⭐ Star us on GitHub — your support motivates us a lot! 🙏😊
🔥 Why EMX-MCP Server is the best choice for AI agent memory — find out in our technical overview 📑
EMX-MCP Server is a Python library designed to provide comprehensive support for infinite-context episodic memory for AI agents. It implements the Human-inspired Episodic Memory for Infinite Context LLMs (EM-LLM) algorithm using embedding-based approaches for maximum compatibility and performance. The system is built for seamless integration with AI coding agents (GitHub Copilot, Claude Code, Cursor, etc.) via the Model Context Protocol (MCP).

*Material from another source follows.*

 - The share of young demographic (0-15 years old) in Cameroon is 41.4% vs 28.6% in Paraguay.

The server employs advanced machine learning techniques including:
- Embedding-Based Surprise Calculation: Uses sentence-transformers to compute semantic distances from local context for boundary detection
- FAISS IVF Indexing: Scales to 10M+ vectors with sub-millisecond search performance
- Hierarchical Memory Storage: Three-tier memory system with automatic disk offloading
- Two-Stage Retrieval: Combines similarity search with temporal contiguity
- Project + Global Memory: Per-workspace and shared contexts for enhanced relevance
This approach ensures high performance, scalability, and seamless integration with existing AI development workflows while maintaining the semantic understanding required for effective episodic memory management.

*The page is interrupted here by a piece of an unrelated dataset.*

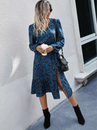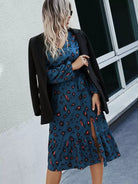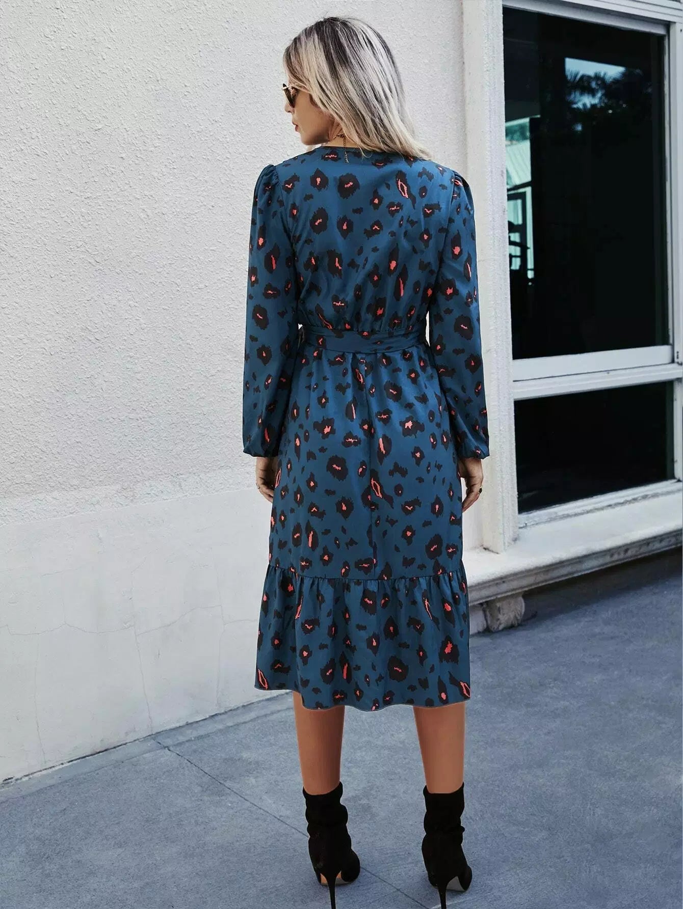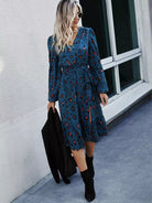 Allover Print Bishop Sleeve Ruffle Hem Dress Without Belt

🚀 Major Release: Workflow-Oriented MCP Tools
- Modular Tool Architecture: Tools organized into dedicated modules in
emx_mcp/tools/for maintainability - Refined Tool API: 6 focused workflow tools (
store_memory,recall_memories,remove_memories,manage_memory,transfer_memory,search_memory_batch) - Token-Efficient Responses: Added
formatparameter (concise vs detailed) - 72% token reduction for concise mode - Natural Language Interface: Tools designed around agent workflows (store → recall → remove) rather than system primitives
- Single Resource: Consolidated
memory://statusfor unified system health monitoring
🧠 Embedding-Based Architecture with Boundary Refinement
- Complete Embedding-Based Implementation: Replaced LLM-dependent operations with embedding-based approaches for maximum compatibility
- Graph-Theoretic Boundary Refinement: Implements Algorithm 1 from EM-LLM paper with modularity/conductance optimization (10-29% accuracy boost)

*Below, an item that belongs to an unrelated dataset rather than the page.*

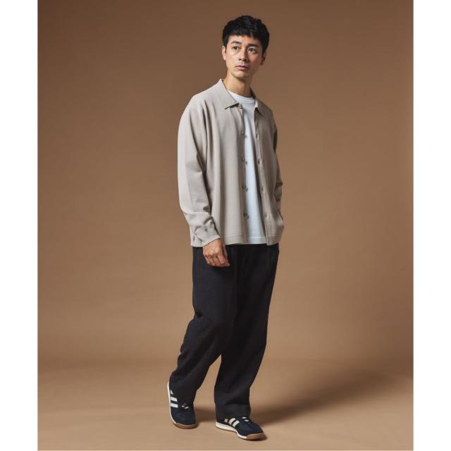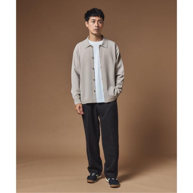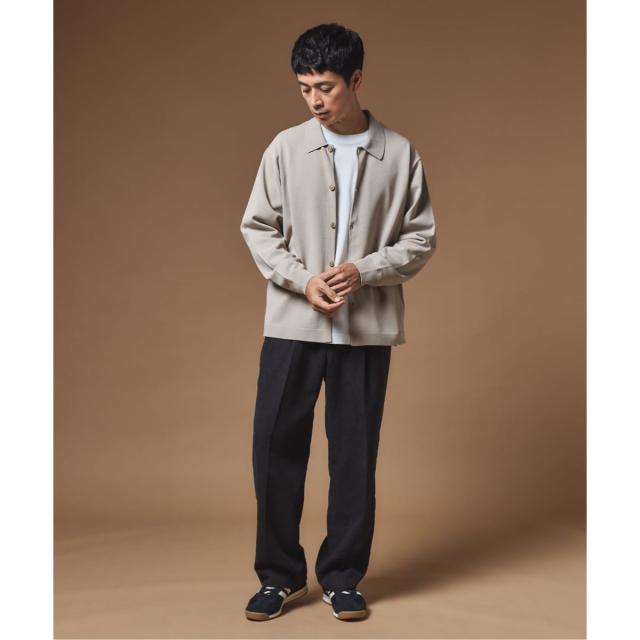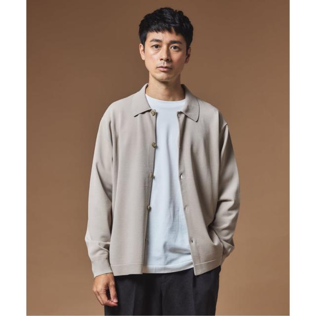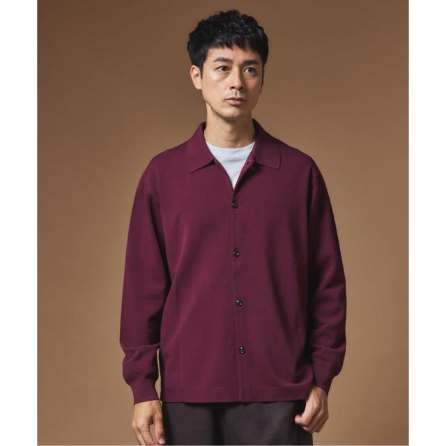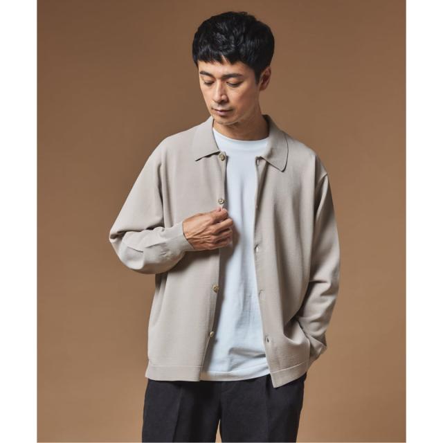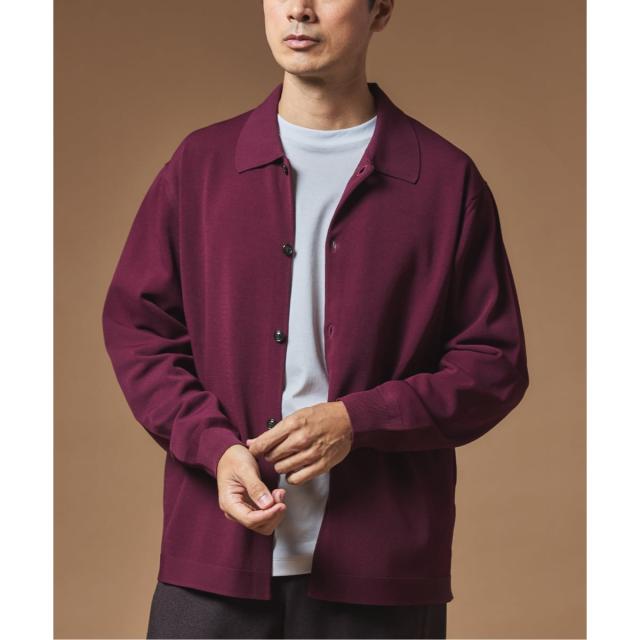 ・ポロカーディガン型で着丈が短めのバランスが特徴的なデザイン。

- Enhanced Surprise Calculation: Uses semantic distances from local context centroids for boundary detection
- O(nm) Complexity Control: Chunked refinement with configurable
max_refinement_windowprevents performance degradation - Optimized Performance: 433 tokens/sec throughput on 60k token corpus while maintaining semantic accuracy
🔧 New Features
- Adaptive GPU Routing: Batch search automatically routes CPU (<100 queries) vs GPU (all batches) for optimal performance
- Selective Memory Deletion: New
remove_memoriestool for granular memory management without clearing everything - Response Format Control: All retrieval tools support concise (IDs + snippets) and detailed (full events) modes
- Context Window Support: Configurable context windows for embedding-based surprise calculation
- Comprehensive Test Suite: 112/115 tests passing (97.4% success rate) with boundary refinement validation
Migration Note: This is a breaking change for direct tool usage. Legacy tools replaced with consolidated workflow tools. See tool documentation for new API.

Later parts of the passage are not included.